Once you reach the line containing "Villa Esquina is" in the entries below, write out that line and each one after it down to the line containing "今天因为有事出去了,中午12", exactly and with nothing added.

(Data section):
━━━━━━━━

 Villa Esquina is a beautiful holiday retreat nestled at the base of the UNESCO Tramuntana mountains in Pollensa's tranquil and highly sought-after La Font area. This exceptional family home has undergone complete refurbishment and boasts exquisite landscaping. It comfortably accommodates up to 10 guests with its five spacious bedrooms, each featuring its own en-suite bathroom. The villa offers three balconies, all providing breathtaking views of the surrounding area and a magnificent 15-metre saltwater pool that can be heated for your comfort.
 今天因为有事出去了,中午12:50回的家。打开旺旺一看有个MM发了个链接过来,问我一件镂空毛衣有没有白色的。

━━━━━━━━

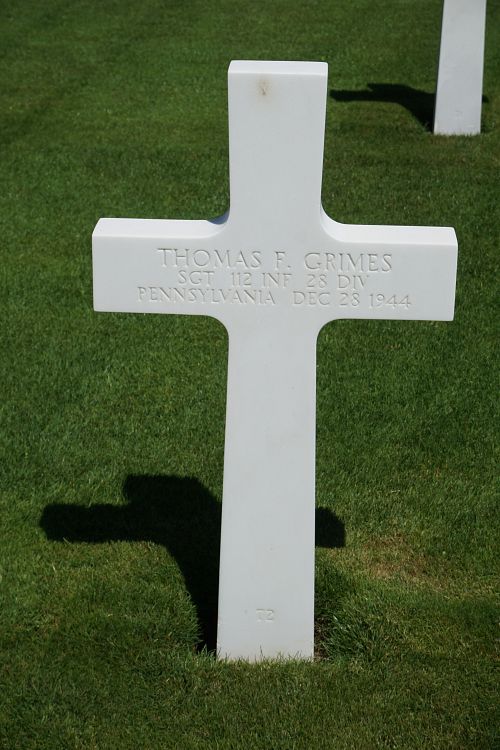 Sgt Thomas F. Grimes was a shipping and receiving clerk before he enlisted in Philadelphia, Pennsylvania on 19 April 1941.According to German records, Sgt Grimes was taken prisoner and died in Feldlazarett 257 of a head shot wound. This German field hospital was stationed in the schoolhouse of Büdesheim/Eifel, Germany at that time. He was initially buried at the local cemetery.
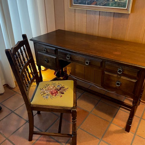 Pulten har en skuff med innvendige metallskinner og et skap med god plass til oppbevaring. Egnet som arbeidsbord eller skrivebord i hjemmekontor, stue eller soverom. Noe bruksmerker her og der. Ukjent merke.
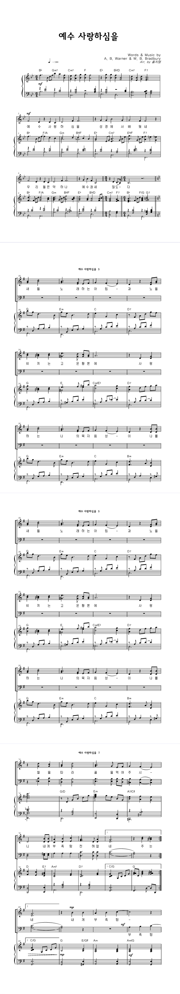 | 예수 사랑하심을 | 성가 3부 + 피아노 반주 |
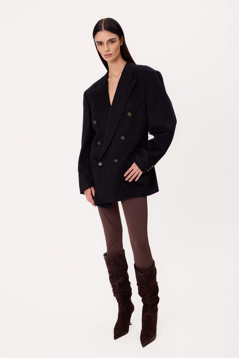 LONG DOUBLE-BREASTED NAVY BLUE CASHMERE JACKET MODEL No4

━━━━━━━━

(Finished exercise):
 Villa Esquina is a beautiful holiday retreat nestled at the base of the UNESCO Tramuntana mountains in Pollensa's tranquil and highly sought-after La Font area. This exceptional family home has undergone complete refurbishment and boasts exquisite landscaping. It comfortably accommodates up to 10 guests with its five spacious bedrooms, each featuring its own en-suite bathroom. The villa offers three balconies, all providing breathtaking views of the surrounding area and a magnificent 15-metre saltwater pool that can be heated for your comfort.
 今天因为有事出去了,中午12:50回的家。打开旺旺一看有个MM发了个链接过来,问我一件镂空毛衣有没有白色的。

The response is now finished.